Listed Building – Grade II*
- Official name: Walker Art Gallery
- Designated: 28 June 1952
- Reference no.: 1063782

= Walker Art Gallery =

Art gallery in Liverpool, England

The Walker Art Gallery is a Grade II* listed art gallery in Liverpool which houses one of the largest art collections in England outside London. It is part of the National Museums Liverpool group.

==History==
The Walker Art Gallery's collection dates from 1819 when the Liverpool Royal Institution acquired 37 paintings from the collection of William Roscoe, who had to sell his collection following the failure of his banking business, though it was saved from being broken up by his friends and associates.

In 1843 the Royal Institution's collection was displayed in a purpose-built gallery next to the institution's main premises. In 1850 negotiations by an association of citizens to take over the institution's collection, for display in a proposed art gallery, library and museum, came to nothing.

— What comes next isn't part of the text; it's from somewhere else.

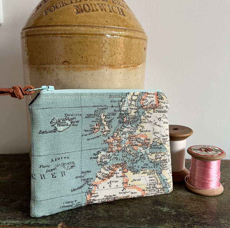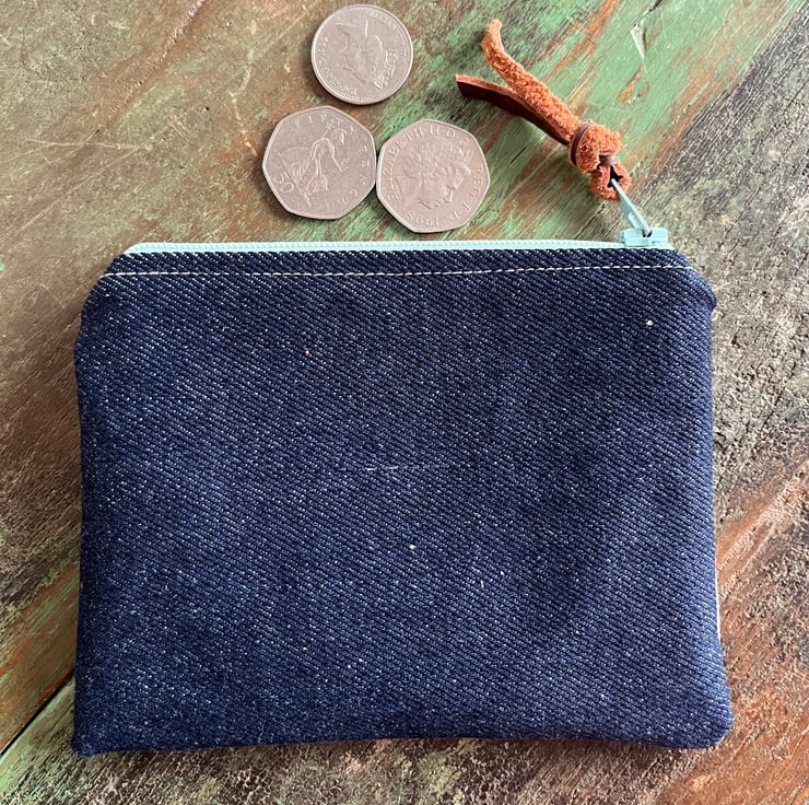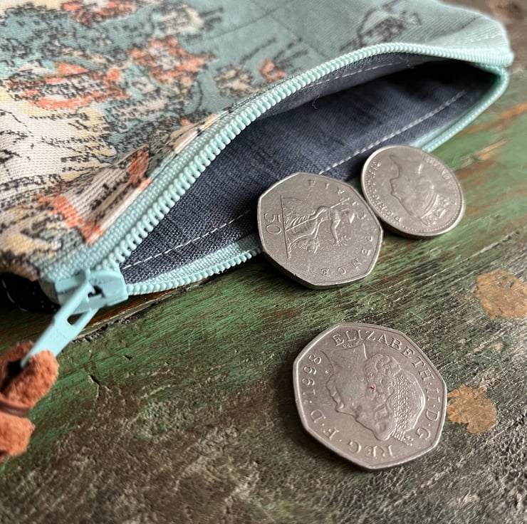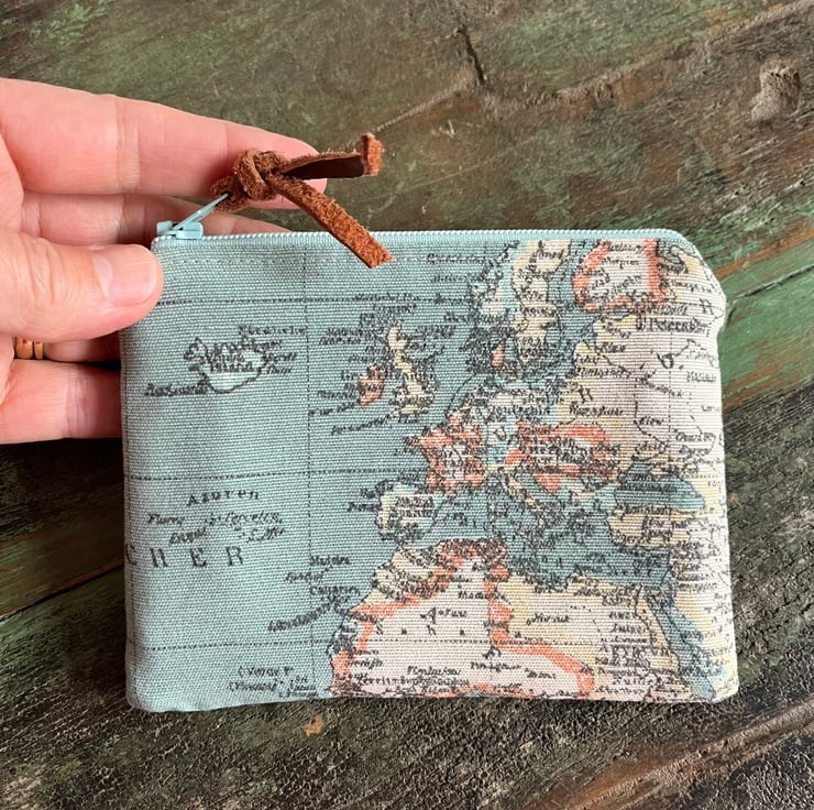 Cute little coin purse made from dark blue denim and map print cotton. It is lined with plain blue cotton-mix fabric.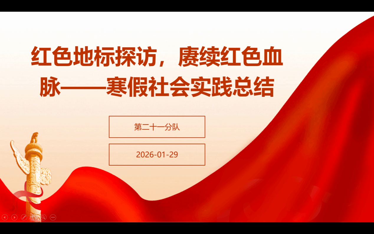 1月21日至2月2日,太阳网集团tcy8722“点亮红色地标,传承红色基因”第二十一分队10名队员围绕学习贯彻党的二十届四中全会精神与《中华人民共和国爱国主义教育法》,并结合党的创新理论宣讲与校本红色文化传承,开展了为期13天的寒假社会实践,通过线下走访、集体学习、视频制作等方式,在革命遗迹中触摸历史,在理论宣讲中强化担当。

The collection grew over the following decades: in 1851 Liverpool Town Council bought Liverpool Academy's diploma collection and further works were acquired from the Liverpool Society for the Fine Arts, founded in 1858. The competition between the academy and society eventually led to both collapsing.

William Brown Library and Museum opened in 1860, named after a Liverpool merchant whose generosity enabled the Town Council to act upon an 1852 Act of Parliament which allowed the establishment of a public library, museum and art gallery, and in 1871 the council organised the first Liverpool Autumn Exhibition, held at the new library and museum.

The success of the exhibition enabled the Library, Museum and Arts Committee to purchase works for the council's permanent collection, buying around 150 works between 1871 and 1910. Works acquired included WF Yeames' And when did you last see your father? and Dante Gabriel Rossetti's Dante's Dream.

Designed by local architects Cornelius Sherlock and H. H. Vale, the Walker Art Gallery was opened on 6 September 1877 by Edward Henry Stanley, 15th Earl of Derby. It is named after its founding benefactor, Sir Andrew Barclay Walker (1824–1893), a former mayor of Liverpool and wealthy brewer born in Ayrshire who expanded the family business to England and moved to live in Gateacre.

In 1893 the Liverpool Royal Institution placed its collection on long-term loan to the gallery and in 1948 presented William Roscoe's collection and other works. This occurred during post-war reconstruction when the gallery was closed, re-opening in 1951. During the Second World War the gallery was taken over by the Ministry of Food and the collection was dispersed for safety.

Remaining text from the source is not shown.